6.4 Assign Roles to Users#
Cluster > Members > AddSelect the user and assign a cluster role. For project-level access:
Cluster > Projects/Namespaces > <Project> > Members > Add6.5 Project and Namespace Isolation#
Projects group namespaces and apply shared RBAC, quotas, and network policies:
Cluster > Projects/Namespaces > Create ProjectConfigure:
- Resource quotas (CPU, memory, pod count)
- Default resource limits for containers
- Network isolation between projects
7. External Authentication#
7.1 LDAP / Active Directory#
Users & Authentication > Auth Provider > ActiveDirectory / OpenLDAPRequired fields:
| Field | Value |
|---|---|
| Hostname | <ldap-server>:<port> |
| Service Account DN | CN=<service-account>,OU=...,DC=... |
| User Search Base | OU=Users,DC=<domain>,DC=com |
| Group Search Base | OU=Groups,DC=<domain>,DC=com |
| User Login Attribute | sAMAccountName (AD) or uid (LDAP) |
7.2 SAML (Okta, ADFS, PingIdentity)#
Users & Authentication > Auth Provider > SAML- Create a SAML application in your IdP
- Enter the Metadata XML URL or upload the metadata file
- Map SAML attributes to Rancher fields (display name, username, groups)

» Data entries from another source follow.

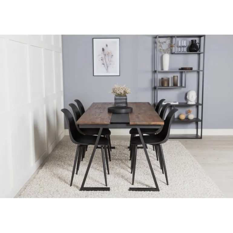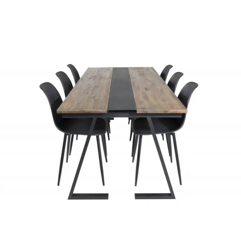 Dette spisebordssæt er både stilfuldt og tidløst i sin farveskala! Spisebordet Jakarta kombineret med spisestolene Polar giver en luksuriøs og elegant følelse – udvid dine middagsinvitationer uden bekymring for pladsproblemer. Lavet af høj kvalitet teaktræ, plastik, og stål, og kræver samling ved modtagelse. Fås i farverne sort og natur.
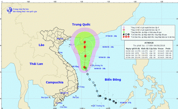 Hồi 16 giờ ngày 04/6, vị trí tâm áp thấp nhiệt đới ở vào khoảng 15,9 độ Vĩ Bắc; 110,5 độ Kinh Đông, trên khu vực vùng biển phía Tây Nam quần đảo Hoàng Sa....
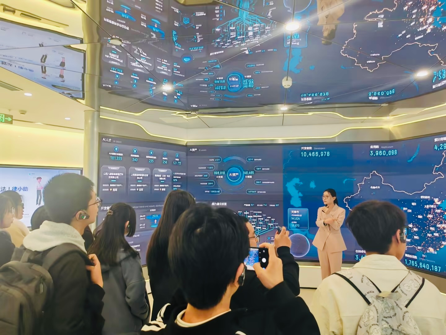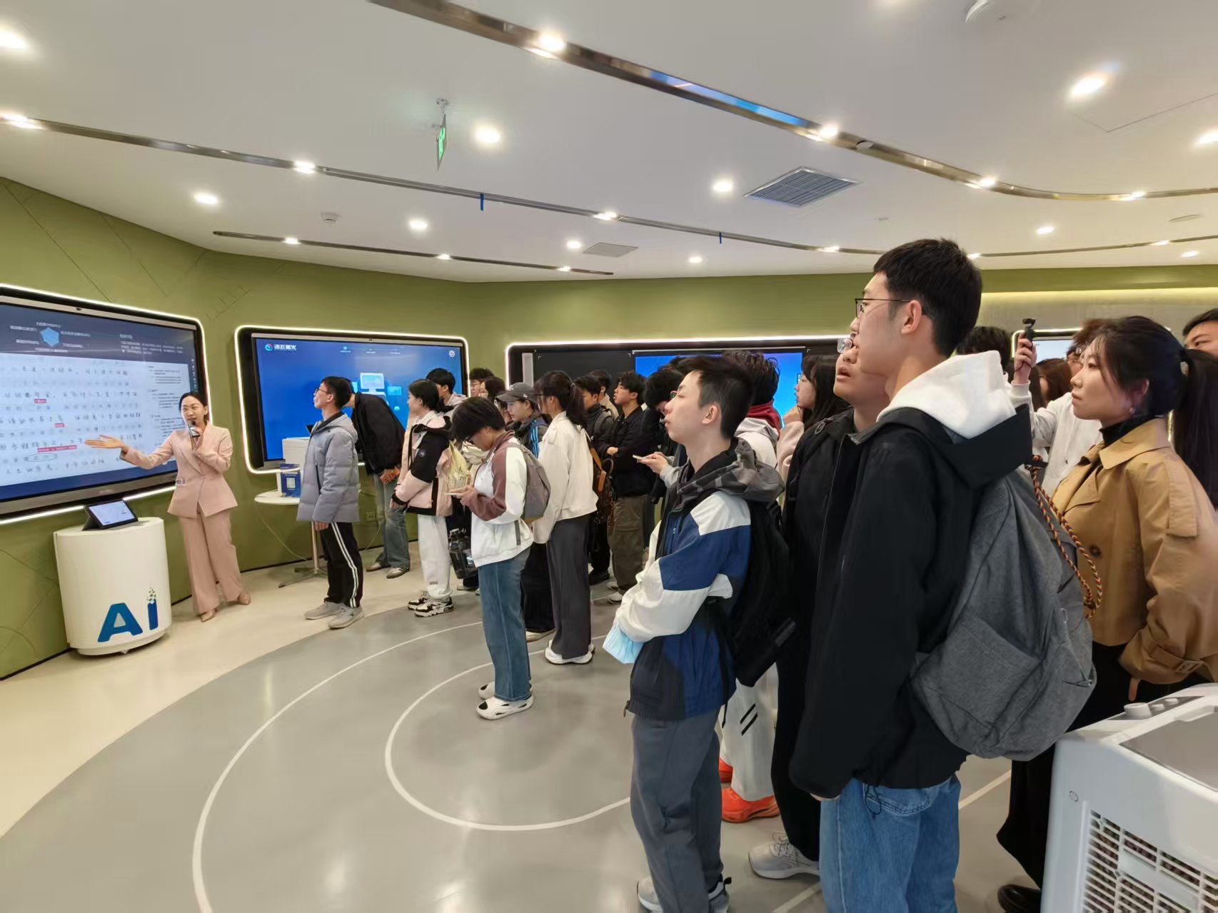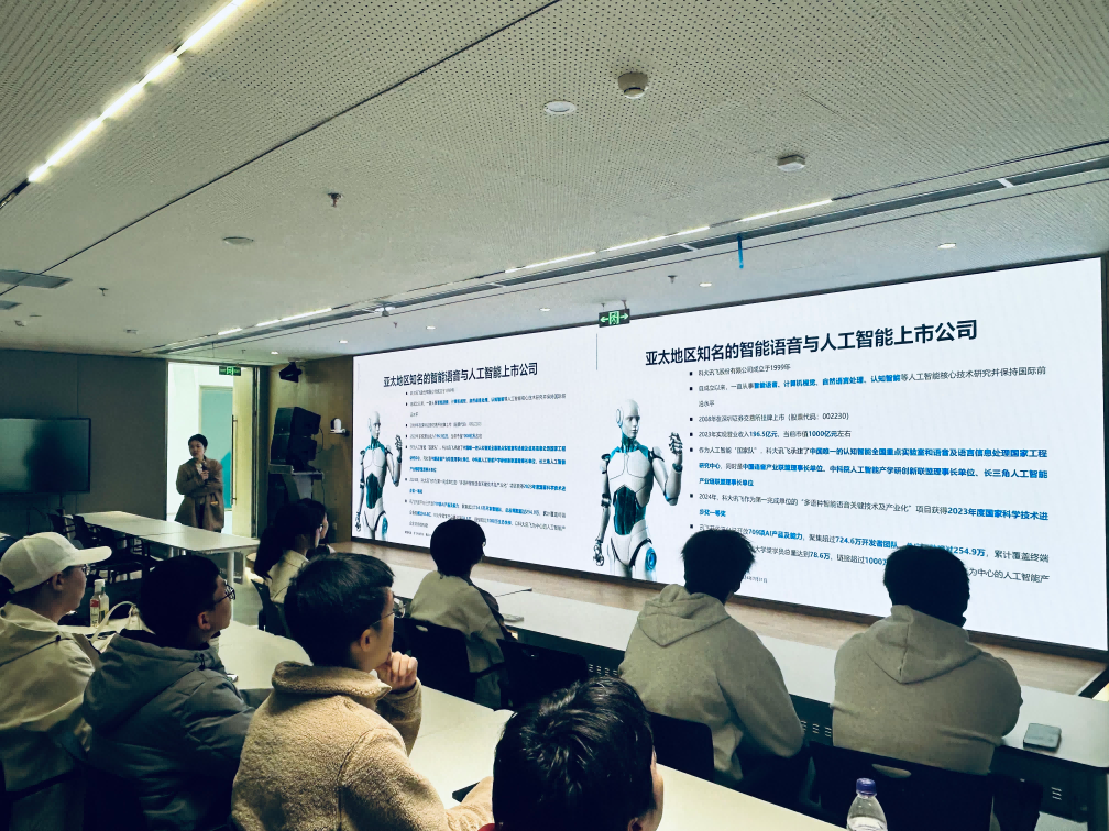 在科大讯飞工作人员的带领下,同学们首先走进人工智能体验馆,沉浸式感受AI技术落地成果。展厅内,讯飞星火大模型、智慧教育AI黑板、智能翻译设备、虚拟人交互、智慧医疗辅助系统等前沿产品依次呈现,全面展示了科大讯飞在语音识别、认知智能、多语种翻译等核心技术的自主研发实力,以及在多领域的规模化应用场景。通过互动交流,同学们直观见证人工智能从技术研发到产业落地的完整生态,深刻体会AI技术赋能千行百业的强大动能。

- Test login before saving
7.3 GitHub / GitLab#
Users & Authentication > Auth Provider > GitHub / GitLab- Create an OAuth application in GitHub/GitLab
- Enter the Client ID and Client Secret
- Optionally restrict to specific organizations or groups
7.4 OIDC (Keycloak, Azure AD, etc.)#
Users & Authentication > Auth Provider > OpenID ConnectRequired fields:
| Field | Value |
|---|---|
| Client ID | <oidc-client-id> |
| Client Secret | <oidc-client-secret> |
| Issuer URL | https://<idp-domain>/... |
| Auth Endpoint | Auto-discovered from issuer |
| Scopes | openid profile email |
8. Application Deployment#
8.1 Helm Chart Catalog#
Rancher includes built-in chart repositories (Rancher charts, partner charts) and supports adding custom repositories:
Cluster > Apps > Repositories > CreateName: <repo-name>
Target: http(s)://<chart-repo-url>
# or Git: https://github.com/<org>/<repo>.git8.2 Deploy from Catalog#
Cluster > Apps > Charts > Select Chart > InstallConfigure values via the UI form or paste custom YAML values.
8.3 Fleet (GitOps)#
Fleet is Rancher's built-in GitOps engine for deploying workloads across clusters at scale:
Continuous Delivery > Git Repos > Add RepositoryName: <repo-name>
Repository URL: https://github.com/<org>/<repo>.git
Branch: main
Paths:
- /manifests
Target Clusters:
Cluster Selector:
matchLabels:
env: productionFleet automatically syncs the Git repository to all matching clusters.
9. Backup and Restore#
9.1 Install the Backup Operator#
Cluster (local) > Apps > Charts > Rancher Backups > InstallOr via Helm:
helm install rancher-backup rancher-stable/rancher-backup \
--namespace cattle-resources-system \
--create-namespace9.2 Create a Backup#
apiVersion: resources.cattle.io/v1
kind: Backup
metadata:
name: <backup-name>
spec:
resourceSetName: rancher-resource-set
storageLocation:
s3:
credentialSecretName: <s3-creds-secret>
credentialSecretNamespace: <namespace>
bucketName: <bucket>
region: <region>
endpoint: <s3-endpoint>
schedule: "0 2 * * *"
retentionCount: 10For local storage (default PV):
apiVersion: resources.cattle.io/v1
kind: Backup
metadata:
name: <backup-name>
spec:
resourceSetName: rancher-resource-set9.3 Restore from Backup#
apiVersion: resources.cattle.io/v1
kind: Restore
metadata:
name: <restore-name>
spec:
backupFilename: <backup-filename>
storageLocation:
s3:
credentialSecretName: <s3-creds-secret>
credentialSecretNamespace: <namespace>
bucketName: <bucket>
region: <region>
endpoint: <s3-endpoint>9.4 etcd Snapshots (Downstream Clusters)#
For RKE2/K3s downstream clusters, Rancher manages etcd snapshots:
Cluster > Snapshots > Take SnapshotSnapshots are stored locally on the cluster nodes and optionally in S3.
To restore:
Cluster > Snapshots > Select Snapshot > Restore10. Upgrading Rancher#
10.1 Pre-Upgrade Checklist#
- Take a backup of the Rancher server (see section 9)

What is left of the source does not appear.